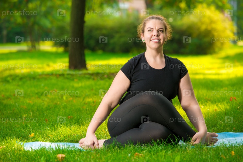 Веселая толстая женщина занимается йогой на открытом воздухе в парке
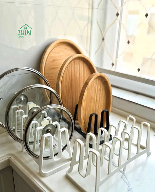 به کمک این وسیله میتونید درب های قابلمه یا سینی و.. راحت چیدمان کنید و کابینتتون هم همیشه مرتب باشه☺️🌟
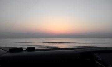 ロマンティック!千里浜なぎさドライブ走行。夕陽に釣られて途中下車。お通夜に金沢です。
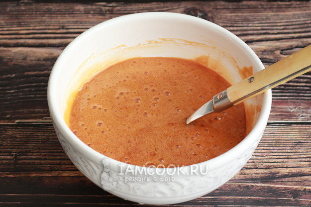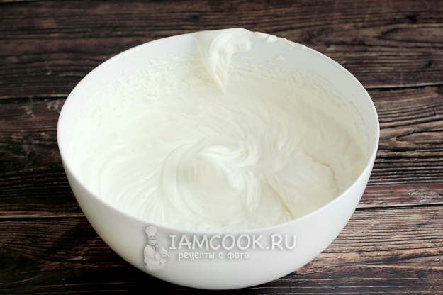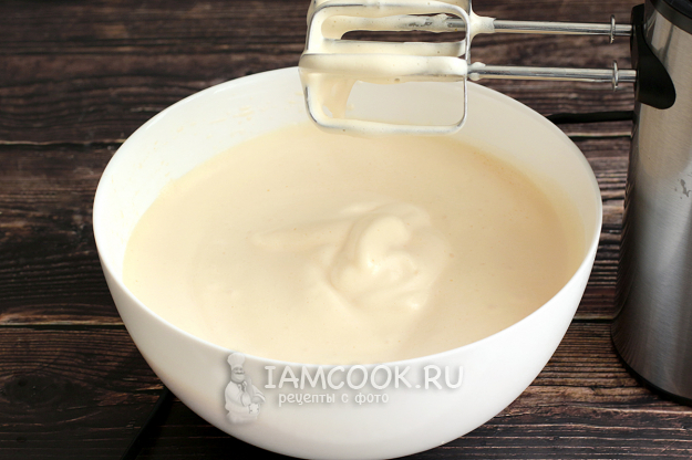 Затем тонкой струйкой начните вливать карамель, не прекращая взбивать смесь миксером. Состав станет жиже, но пышность будет сохраняться.
------------------------------------------------------------
Retype the listing above exactly, please. Pictures do not belong in the copy.

 Веселая толстая женщина занимается йогой на открытом воздухе в парке
 به کمک این وسیله میتونید درب های قابلمه یا سینی و.. راحت چیدمان کنید و کابینتتون هم همیشه مرتب باشه☺️🌟
 ロマンティック!千里浜なぎさドライブ走行。夕陽に釣られて途中下車。お通夜に金沢です。
 Затем тонкой струйкой начните вливать карамель, не прекращая взбивать смесь миксером. Состав станет жиже, но пышность будет сохраняться.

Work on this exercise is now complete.